At birth head circumference was not significantly different to the reference group for both genders. This changed after 2 years of age. MPS III patients had a significant larger HC at age 2 and 4 years of age. Two year old boys had a HC comparable to a 5 year old healthy male (mean male patient at 2 years: 51.7 cm, SD 1.52, p < 0.000, mean reference group 49.3 cm), girls of age 2 had a HC similar to a 4.5 year old healthy female (mean female patient at 2 years: 50.4 cm, SD 1.22, p < 0.000, mean reference group 47.9 cm). At 4 years of age the HC was still significantly larger compared to healthy controls (male: mean 53.7 cm, SD 1.6, p < 0.000, mean reference group 51 cm; female: mean 52.4 cm, SD 1.41, p < 0.000, mean reference group 49.9 cm). Adult male patients had a HC in mean of 57.9 cm (SD 1.44), females in mean of 58.6 cm (SD 1.25) (Fig. 5 and Additional file 4: Figure RD4). Due to the small sample size we were not able to calculate significances for fully grown patients.

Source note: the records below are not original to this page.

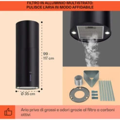 - Dimensioni cappa aspirante: ca. 35 x 60 cm (ØxA)
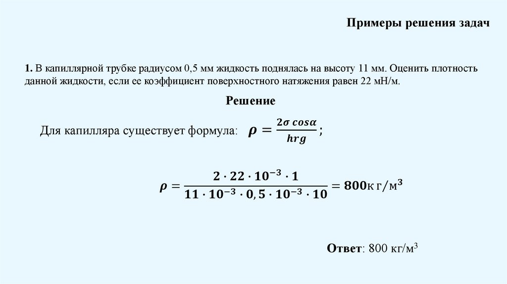 Примеры решения задач1. В капиллярной трубке радиусом 0,5 мм жидкость поднялась на высоту 11 мм. Оценить плотность
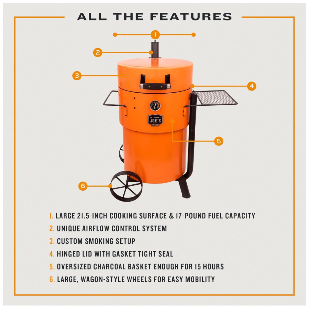 Defumador de Tambor a Carvão com Medidor de Temperatura Oklahoma Joe s 19202100 Laranja
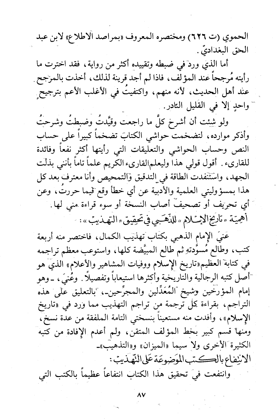 وعني، وهو إمام المؤرخين وشيخ المعدلين والمجرحين، بالتعليق على هذه التراجم، بقراءة كل ترجمة من تراجم التهذيب مما ورد في "تاريخ الاسلام"، وأفدت منه مستعينا بنسختي التامة الملفقة من عدة نسخ، ومنها قسم كبير بخط المؤلف المتقن، ولم أعدم الافادة من كتبه الكثيرة الاخرى ولا سيما"الميزان"و"التذهيب"
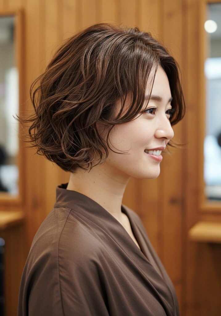 サイドを短く、トップに動きをつけたスタイルで、トレンド感と若々しさを演出します。
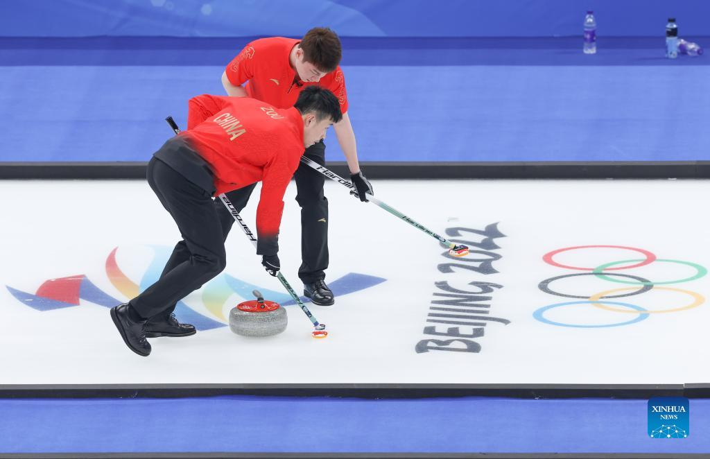 China's Xu Jingtao (L) and Zou Qiang compete during the Curling Men's Round Robin Session 1 of the Beijing 2022 Winter Olympics between China and Sweden at the National Aquatics Centre in Beijing, capital of China, Feb. 9, 2022. (Xinhua/Wang Jingqiang)
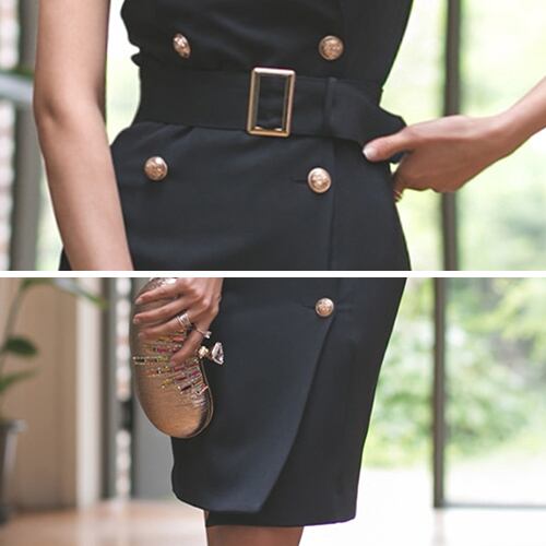 夏 サマー ワンピース ノースリ ボタン ベルト ラップ ドレス ジャケット RB-R4-06-BY-SA-003

Genetic data were available from 69 MPS IIIA patients. In 3 male and 7 female patients the p.Ser298Pro mutation was identified on one allele. There was no significant difference in growth between male and female patients with p.Ser298Pro. In comparison to MPS IIIA patients with other genetic mutations these patients were slightly smaller at birth (mean 51 cm, SD 2.58 versus 51.8 cm, SD 2.93) and significantly smaller (mean 86.4 cm, SD 4.9, p = 0.022 versus 90.4 cm, SD 3.99) at 2 years of age. Two years later they were still shorter in relation to other MPS IIIA patients. The final length of patients with the p.Ser298Pro mutation was higher than in patients without this mutation (mean 166.2 cm, SD 10.4 versus mean 156.8 cm, SD 12.5). MPS IIIA patients with the p.Ser298Pro mutation were slightly lighter at birth (mean 3.3 kg, SD 0.36 versus 3.5 kg, SD 0.57) compared to MPS IIIA patients with other mutations. At age 2 und 4 they were significantly lighter (age 2: mean 12.4 kg, SD 2.07, p = 0.001 versus other mutations: 14.8 kg, SD 1.55; age 4: mean 17.3 kg, SD 2.76, p = 0.022 versus other mutations 20.2 kg, SD 2.51). Fully grown patients with the p.Ser298Pro mutation were significantly heavier (mean 59.9 kg, SD 11.12, p = 0.031 versus mean 47.7 kg, SD 7.69). Head circumference was slightly decreased from birth up to age 4, but not significantly different to patients without the mutation. We had no data for HC in mature patients carrying the p.Ser298Pro mutation.